GIVEN DATA:
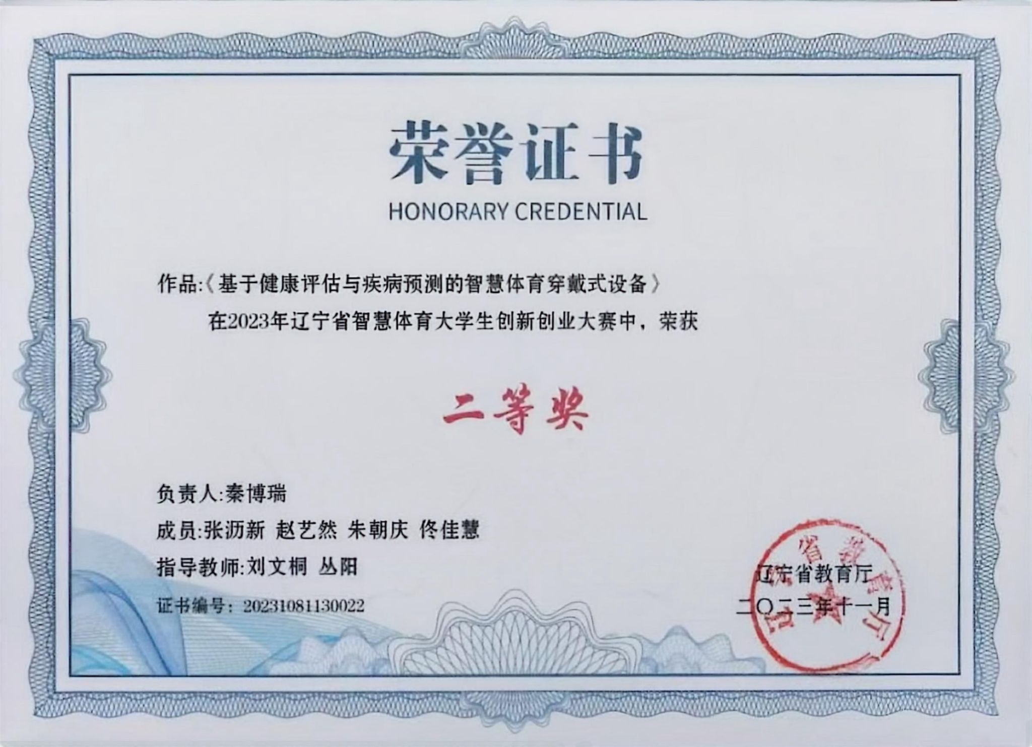 2 辽宁省智慧体育大学生创新创业大赛 奖项:辽宁省二等奖 指导教师:刘文桐
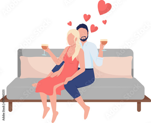 Couple celebrating anniversary semi flat color raster characters. Full body people on white. Romantic simple cartoon style illustration for web graphic design and animation
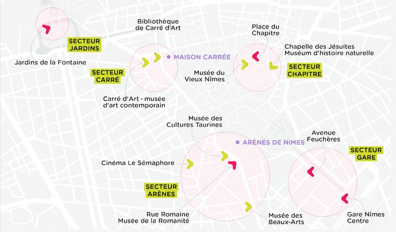 Arènes de Nîmes - Avenue Feuchères - Bibliothèque de Carré d’Art - Carré d’Art – musée d’art contemporain de Nîmes - CACN – Centre d’art contemporain de Nîmes - Cinéma Le Sémaphore - Le Spot - Les Jardins de la Fontaine - Rue Romaine et Musée de la Romanité - Chapelle des Jésuites et Muséum d'histoire naturelle - Musée des Beaux-Arts - Musée du Vieux Nîmes - Musée des Cultures Taurines - Théâtre de Nîmes
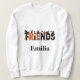 Sombrío sudadero de nombre personalizado de Halloween para amigos. El diseño presenta el texto "Amigos" en una tipografía de estilo negro y naranja con elementos naranjas, amarillos y negros de Halloween como gorra de brujas, calabaza y calavera. Hace el mejor regalo personalizado para tu mejor amigo. Perfecto para que se sientan especiales, aumentar su confianza y conseguir un regalo único y agradable. Incluso tenemos sudaderas, cadenas y camisetas con el mismo diseño en nuestra colección. Por favor, compruébelo. ¡Feliz Halloween!
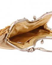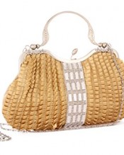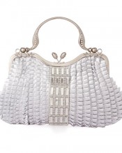 This elegant women evening bag made of fashion satin fabric with allover pleated ruffles on the front.It features a sparkling metal frame and a metal handle ,both are decorated with rhinestones and subtle carvings.It has a kiss-lock hasp closure and a row of crystals on the front center.The sparkling appearance make you more charming, distinguished and the focus of an evening party ,wedding party ,day clubs,cocktail party or prom .The interior offers just enough room for your most important items such as cellphone ,lipstick,invatation and other important receipt ,interior also provides a slot pocket for some tiny items such as cards and earings.A detachable silver chain available,which supplies versatile carrying options as a hand held clutch, tote, handbag, shoulder bag, or messenger bag.
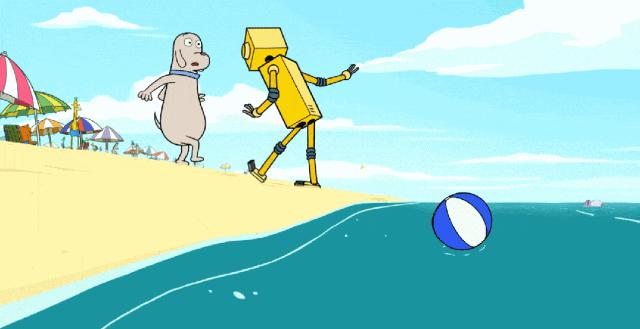 那天小狗带着机器人去海边玩,一切的一切都显得如此美好。
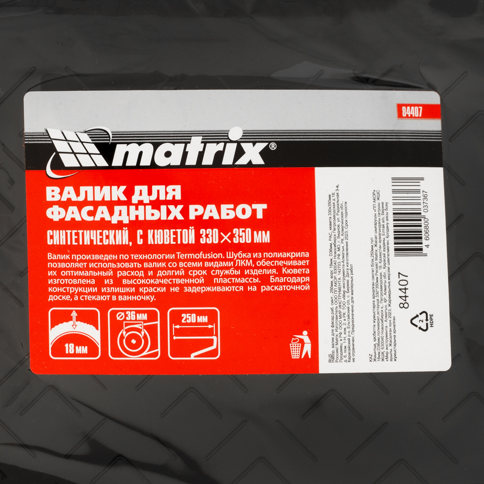 Набор Matrix 84407 включает в себя кювету размером 330 х 350 мм и синтетический валик для фасадных работ с ворсом 18 мм из полиакрила, шириной 250 мм и диаметром 36 мм. Валик используется для окрашивания фасадов зданий, необработанной древесины, участков с грубой штукатуркой, кирпича, бетона, гофрированного металла и других текстурных поверхностей. Полиакрил подходит для работы с лакокрасочными материалами на водной основе и на основе растворителей. Длинноворсовая шубка отлично прокрашивает неровности без разбрызгивания ЛКМ. Универсальная кювета предназначена для набора краски, раскатывания и отжима валиков шириной до 250 мм.

WORK INSTRUCTION:
Exercise for the records above: copy only the lines from the one with "Couple celebrating anniversary" to the one with "Sombrío sudadero de", both ends kept, and drop the pictures.

OUTPUT OF THE TASK:
 Couple celebrating anniversary semi flat color raster characters. Full body people on white. Romantic simple cartoon style illustration for web graphic design and animation
 Arènes de Nîmes - Avenue Feuchères - Bibliothèque de Carré d’Art - Carré d’Art – musée d’art contemporain de Nîmes - CACN – Centre d’art contemporain de Nîmes - Cinéma Le Sémaphore - Le Spot - Les Jardins de la Fontaine - Rue Romaine et Musée de la Romanité - Chapelle des Jésuites et Muséum d'histoire naturelle - Musée des Beaux-Arts - Musée du Vieux Nîmes - Musée des Cultures Taurines - Théâtre de Nîmes
 Sombrío sudadero de nombre personalizado de Halloween para amigos. El diseño presenta el texto "Amigos" en una tipografía de estilo negro y naranja con elementos naranjas, amarillos y negros de Halloween como gorra de brujas, calabaza y calavera. Hace el mejor regalo personalizado para tu mejor amigo. Perfecto para que se sientan especiales, aumentar su confianza y conseguir un regalo único y agradable. Incluso tenemos sudaderas, cadenas y camisetas con el mismo diseño en nuestra colección. Por favor, compruébelo. ¡Feliz Halloween!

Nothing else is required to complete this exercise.